Excerpts from a dataset:
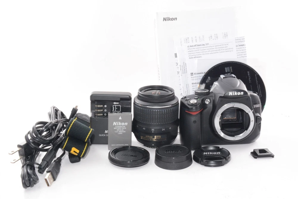 【NEAR MINT】Nikon D5000 Digital Camera 18-55mm DX Description Thank you so much for coming to my store. Please enjoy your shopping! ■Total Condition Rank : NEAR MINT - Pre-owned, almost no signs of u se ■ Appearance : Appearance is beautiful. tiny scuffs from normal used. It shows signs of us. *Please check on the photes for detailed condition of the produst. ■ Optics : ★Finder 【haze】 -NO 【fungus】 -NO 【scratch】 -NO 【marking】 -NO 【balsam separation】 -NO 【dust】 -NO ★Lens 【haze】 -NO 【fungus】 -NO 【scratch】 -NO 【marking】 -NO 【balsam separation】 -NO 【dust】 -NO ■ Functional : It works properly. ■ Include : Please confirm the accessories with photos. All the accessories appearing in the photos are attached. Payment We will ship the item 2 business days after your payment clears. *Please read our Return Policy before a successful bid. Please purchase our item only if you accept our Return Policy. 100 % Authentic & Money Back Guaranteed (Do not worry you are protected by eBay and Paypal Buyer Protection) If you have any questions, please email me before purchase Shipping I send a product by DHL. I attach the tracking number. Please bid it without worrying. Shipping is only available to the address registered in eBay. Please note that any address not registered in eBay is not acceptable to ship. Shipping is available from Monday to Friday. Weekends are not available because office is closed. International Buyers - Please Note: Import duties, taxes and charges are not included in the item price or shipping fee. These charges are the buyer's responsibility. Consult with your country customs office to see what these additional fees are before purchase. These fees are collected by the shipping company (transport company) which is normally delivered. Or do not confuse additional shipping charges when selecting items. Would you display the value of the item under the value, or would you mark the item as a """"""""gift"""""""" - By US and international government regulations, such conduct is forbidden. There is an area that we cannot export camera, lens etc. So please check it before you purchase. Please use English, Japanese when you contact us about a complaint of the item.
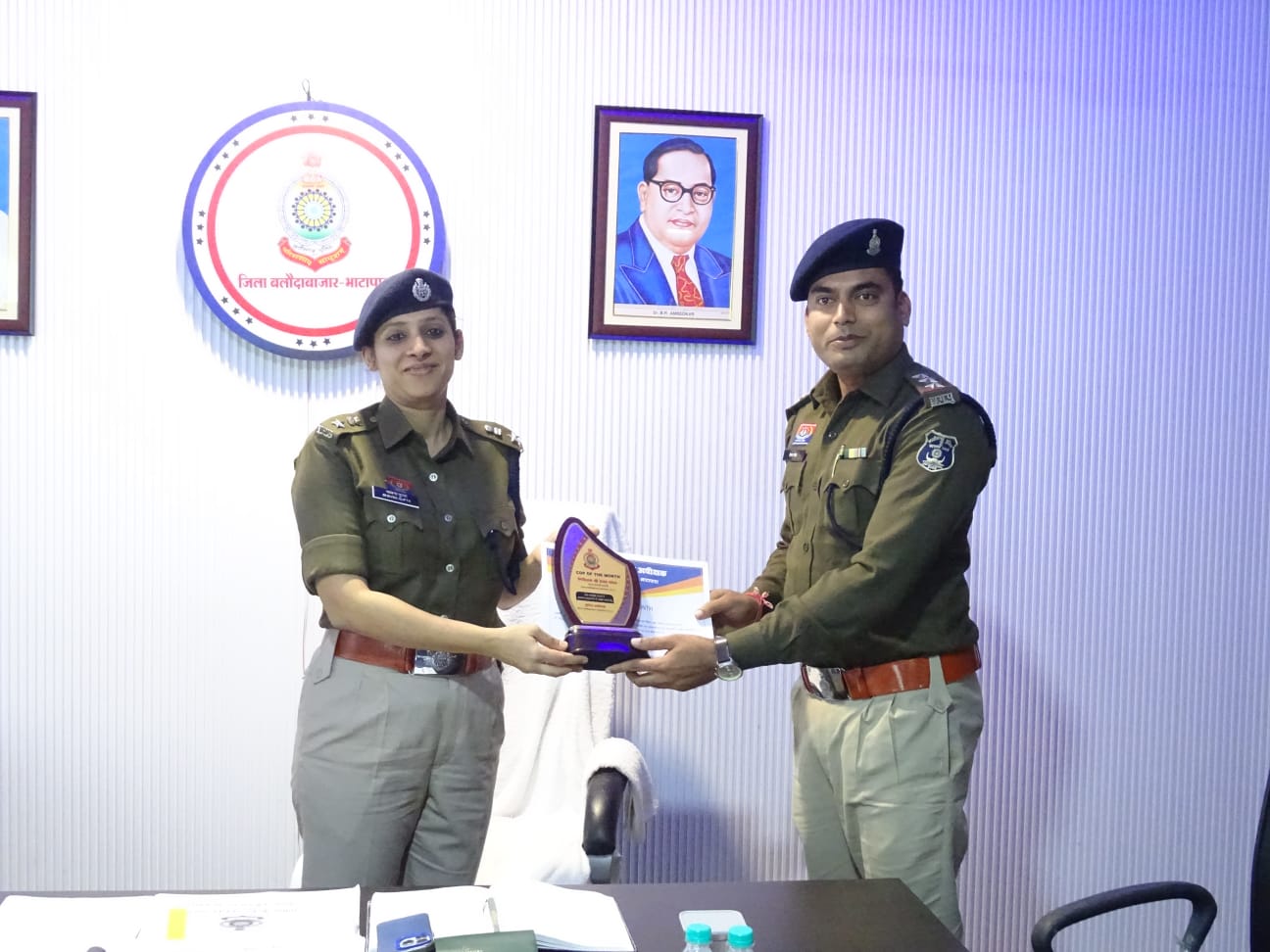 बलौदाबाजार। जिले में अपराध नियंत्रण और संगीन मामलों की त्वरित जांच में उत्कृष्ट प्रदर्शन पर थाना प्रभारी पलारी निरीक्षक हेमंत पटेल को COP OF THE MONTH के सम्मान से नवाजा गया। पुलिस अधीक्षक श्रीमती भावना गुप्ता ने उन्हें और उनकी टीम के कुल 7 अधिकारियों-कर्मचारियों को प्रशस्ति पत्र एवं प्रतीक चिन्ह प्रदान कर सम्मानित किया।
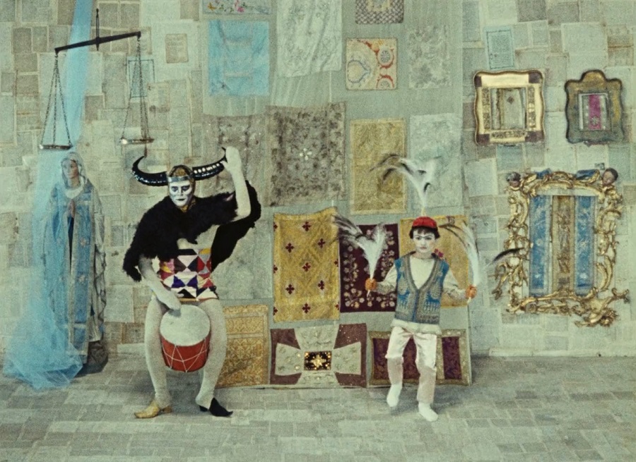 Watching Sergei Parajanov’s The Color of Pomegranates, or Sayat Nova, is like opening a door and walking into another dimension, where time has stopped and beauty has been unleashed. On a very basic level, it’s a biography of the Armenian poet Sayat-Nova, but before all else it’s a cinematic experience, and you come away remembering images, repeated expressive movements, costumes, objects, compositions, colors.
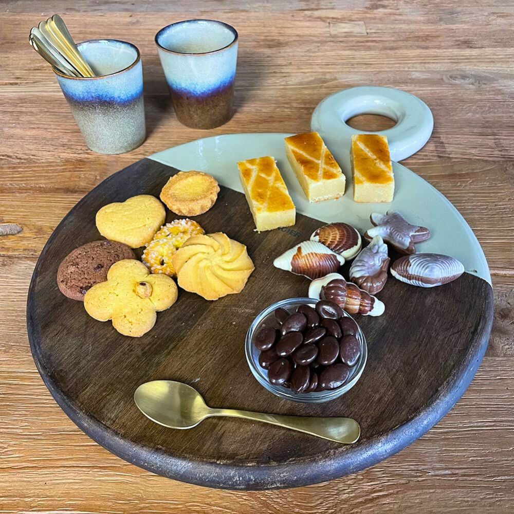 Entdecken Sie die perfekte Balance zwischen natürlichem Charme und modernem Stil mit unserem runden Servierbrett, das sich durch eine einzigartige Mischung aus Holz und einer dezenten Lackierung auszeichnet. Dieses Servierbrett kombiniert die Wärme von natürlichem Holz mit dem modernen Look von Lack und ist damit eine vielseitige und elegante Ergänzung für Ihre kulinarischen Präsentationen. Der hölzerne Teil verleiht ihm einen rustikalen Touch, während der lackierte Teil eine moderne Note hinzufügt. Dieses Servierbrett ist ideal zum Servieren von Vorspeisen, Käse oder Desserts. Es ist nicht nur funktional, sondern auch eine optisch ansprechende Ergänzung für Ihren gedeckten Tisch. Genießen Sie die perfekte Mischung aus natürlichen und modernen Elementen mit unserem runden Servierbrett.
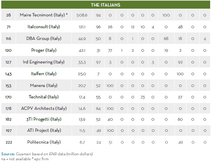 Ca pondere, cele 12 companii italiene de constructii (fara Saipem, care ar schimba datele) au o cota de 3,8% in piata celor 250 de contractori globali inclusi in topul ENR. In clasamentul anterior, care a inclus si Saipem, cota italienilor a fost de 5,6%. Saipem are o cifra de afaceri anuala de peste 10 miliarde euro.
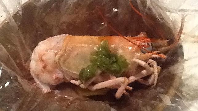La gamba roja nunca falla en los menús de El Celler de Can Roca, pero de cuantas versiones han hecho con ellas, que han sido muchas, esta gamba con vinagre, que forma parte del último menú del año, es sin duda la mejor. El cuerpo marinado en vinagre de arroz. Al lado, el jugo de la cabeza, las patas crujientes y una velouté de gamba. Fantástica.
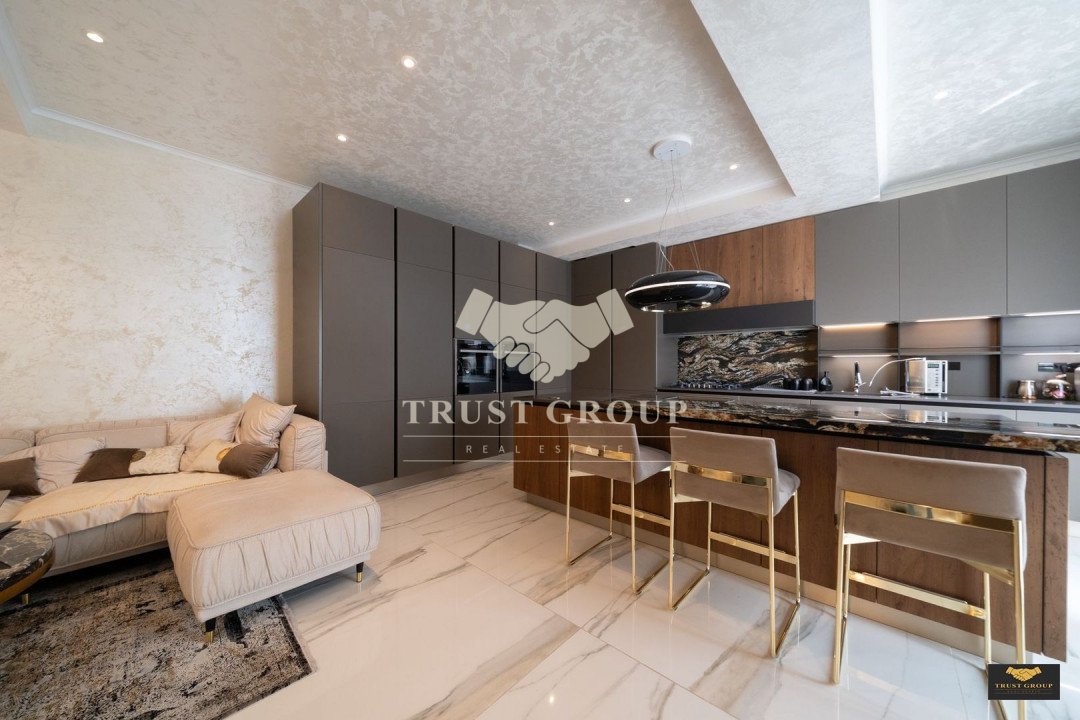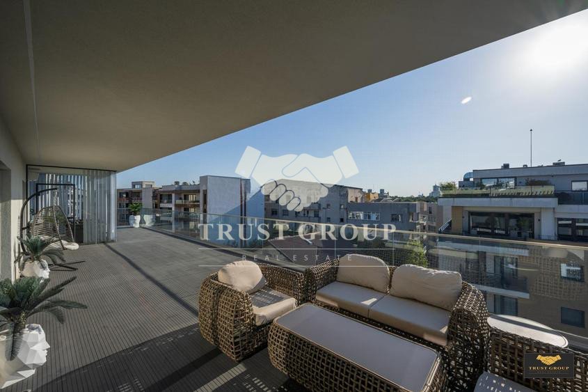 Zona de living impresionează prin dimensiuni și lumină naturală, fiind perfect conectată cu terasa, un spațiu ideal pentru relaxare sau socializare. Bucătăria este complet mobilată și utilată, iar cele 3 băi sunt finisate cu materiale de calitate superioară. Dormitoarele dispun de spații de depozitare generoase, inclusiv dressing, iar apartamentul beneficiază și de WC de serviciu.

**Work instruction**
Each record should be printed exactly as it appears, leaving the pictures out.

**Exercise result**
 【NEAR MINT】Nikon D5000 Digital Camera 18-55mm DX Description Thank you so much for coming to my store. Please enjoy your shopping! ■Total Condition Rank : NEAR MINT - Pre-owned, almost no signs of u se ■ Appearance : Appearance is beautiful. tiny scuffs from normal used. It shows signs of us. *Please check on the photes for detailed condition of the produst. ■ Optics : ★Finder 【haze】 -NO 【fungus】 -NO 【scratch】 -NO 【marking】 -NO 【balsam separation】 -NO 【dust】 -NO ★Lens 【haze】 -NO 【fungus】 -NO 【scratch】 -NO 【marking】 -NO 【balsam separation】 -NO 【dust】 -NO ■ Functional : It works properly. ■ Include : Please confirm the accessories with photos. All the accessories appearing in the photos are attached. Payment We will ship the item 2 business days after your payment clears. *Please read our Return Policy before a successful bid. Please purchase our item only if you accept our Return Policy. 100 % Authentic & Money Back Guaranteed (Do not worry you are protected by eBay and Paypal Buyer Protection) If you have any questions, please email me before purchase Shipping I send a product by DHL. I attach the tracking number. Please bid it without worrying. Shipping is only available to the address registered in eBay. Please note that any address not registered in eBay is not acceptable to ship. Shipping is available from Monday to Friday. Weekends are not available because office is closed. International Buyers - Please Note: Import duties, taxes and charges are not included in the item price or shipping fee. These charges are the buyer's responsibility. Consult with your country customs office to see what these additional fees are before purchase. These fees are collected by the shipping company (transport company) which is normally delivered. Or do not confuse additional shipping charges when selecting items. Would you display the value of the item under the value, or would you mark the item as a """"""""gift"""""""" - By US and international government regulations, such conduct is forbidden. There is an area that we cannot export camera, lens etc. So please check it before you purchase. Please use English, Japanese when you contact us about a complaint of the item.
 बलौदाबाजार। जिले में अपराध नियंत्रण और संगीन मामलों की त्वरित जांच में उत्कृष्ट प्रदर्शन पर थाना प्रभारी पलारी निरीक्षक हेमंत पटेल को COP OF THE MONTH के सम्मान से नवाजा गया। पुलिस अधीक्षक श्रीमती भावना गुप्ता ने उन्हें और उनकी टीम के कुल 7 अधिकारियों-कर्मचारियों को प्रशस्ति पत्र एवं प्रतीक चिन्ह प्रदान कर सम्मानित किया।
 Watching Sergei Parajanov’s The Color of Pomegranates, or Sayat Nova, is like opening a door and walking into another dimension, where time has stopped and beauty has been unleashed. On a very basic level, it’s a biography of the Armenian poet Sayat-Nova, but before all else it’s a cinematic experience, and you come away remembering images, repeated expressive movements, costumes, objects, compositions, colors.
 Entdecken Sie die perfekte Balance zwischen natürlichem Charme und modernem Stil mit unserem runden Servierbrett, das sich durch eine einzigartige Mischung aus Holz und einer dezenten Lackierung auszeichnet. Dieses Servierbrett kombiniert die Wärme von natürlichem Holz mit dem modernen Look von Lack und ist damit eine vielseitige und elegante Ergänzung für Ihre kulinarischen Präsentationen. Der hölzerne Teil verleiht ihm einen rustikalen Touch, während der lackierte Teil eine moderne Note hinzufügt. Dieses Servierbrett ist ideal zum Servieren von Vorspeisen, Käse oder Desserts. Es ist nicht nur funktional, sondern auch eine optisch ansprechende Ergänzung für Ihren gedeckten Tisch. Genießen Sie die perfekte Mischung aus natürlichen und modernen Elementen mit unserem runden Servierbrett.
 Ca pondere, cele 12 companii italiene de constructii (fara Saipem, care ar schimba datele) au o cota de 3,8% in piata celor 250 de contractori globali inclusi in topul ENR. In clasamentul anterior, care a inclus si Saipem, cota italienilor a fost de 5,6%. Saipem are o cifra de afaceri anuala de peste 10 miliarde euro.
La gamba roja nunca falla en los menús de El Celler de Can Roca, pero de cuantas versiones han hecho con ellas, que han sido muchas, esta gamba con vinagre, que forma parte del último menú del año, es sin duda la mejor. El cuerpo marinado en vinagre de arroz. Al lado, el jugo de la cabeza, las patas crujientes y una velouté de gamba. Fantástica.
 Zona de living impresionează prin dimensiuni și lumină naturală, fiind perfect conectată cu terasa, un spațiu ideal pentru relaxare sau socializare. Bucătăria este complet mobilată și utilată, iar cele 3 băi sunt finisate cu materiale de calitate superioară. Dormitoarele dispun de spații de depozitare generoase, inclusiv dressing, iar apartamentul beneficiază și de WC de serviciu.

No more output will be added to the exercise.